A New Frontier: Book Publishing as a Commons
For authors and their reader-communities, has conventional book publishing become obsolete or at least grossly inefficient and overpriced? I say yes -- at least for those of us who are not writing mass-audience books. The good news is that authors, their reader-communities and small presses are now developing their own, more satisfying alternative models for publishing books.
Let me tell my own story about two experiments in commons-based book publishing. The first involves Patterns of Commoning, the new anthology that Silke Helfrich and I co-edited and published two months ago, with the crucial support of the Heinrich Böll Foundation. The second experiment involves the Spanish translation for my 2014 book Think Like a Commoner.
Whereas the German version of Patterns of Commoning was published with transcript-Verlag, a publisher we consider a strong partner in spreading the word on the commons, for the English version, we decided to bypass commercial publishers. We realized that none of them would be interested – or that they would want to assert too much control at too high of a price.

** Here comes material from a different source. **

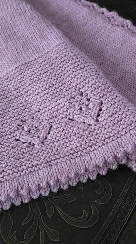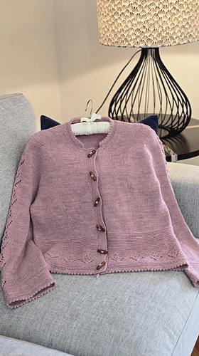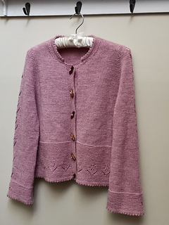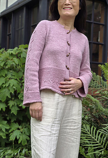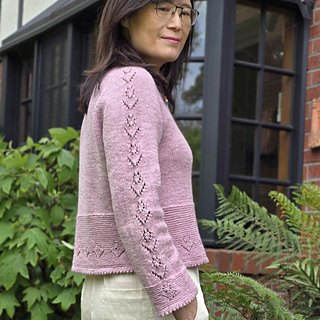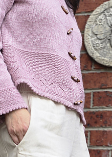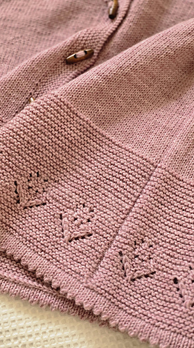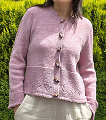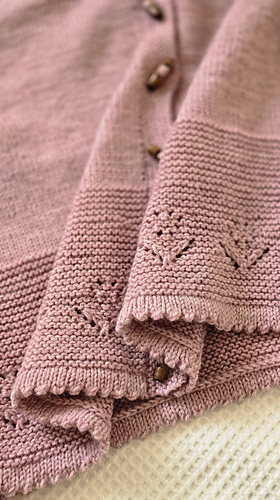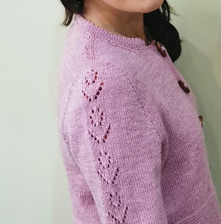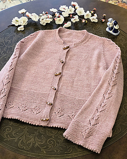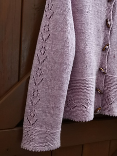 Once the body is complete, start working on two sleeves in the round. The sleeve has a row of tulip laces flowing from the top of the sleeve cap right to the end of the sleeve. The cardigan is finished with a folded picot edge at the bottom of the lower body, sleeve cuffs and collar. Finally pick up the stitches along the front edges and knit in garter stitches to complete the two front bands.

We learned these lessons when we tried to find a publisher for our 2013 anthology, The Wealth of the Commons. About a dozen publishers rejected our pitches. They said things like: “It’s an anthology, and anthologies don’t sell.” “It doesn’t have any name-brand authors.” “It’s too international in focus.” “What’s the commons? No one knows about that.”

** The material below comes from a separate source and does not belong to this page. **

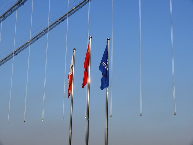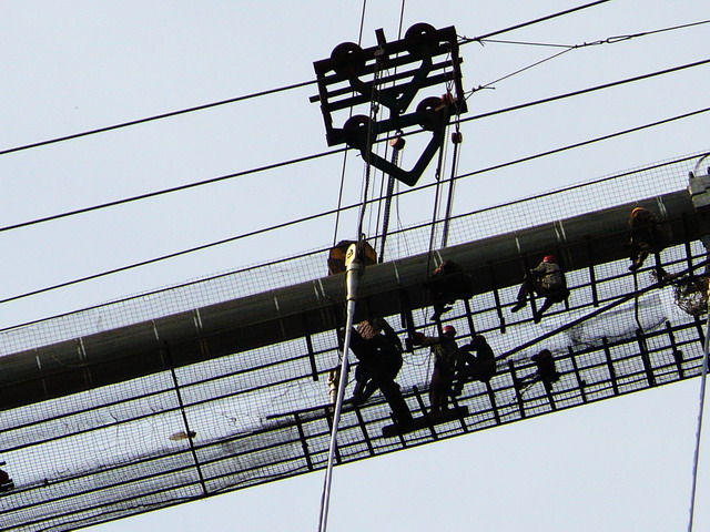 武汉在建的悬索桥。塔高160多米,两塔之间1800多米。

It became clear that the business models of publishers – even the niche political presses that share our values – were not prepared to support a well-edited, path-breaking volume on the commons.
In general, conventional book publishing has trouble taking risks with new ideas, authors and subject matter because it has very small economic margins to play with. One reason is that commercial book distributors in the US – the companies that warehouse books and send them to various retailers – take 60% of the cover price, with little of the risk. They are the expensive middlemen who control the distribution infrastructure. Their cut leaves about 40% of the cover price or less for the publisher, author and retailer to split.
This arrangement means that book prices have to be artificially higher, relative to actual production costs, to cover all the costs of so many players: editors, marketers, publicists, distributors, retailers.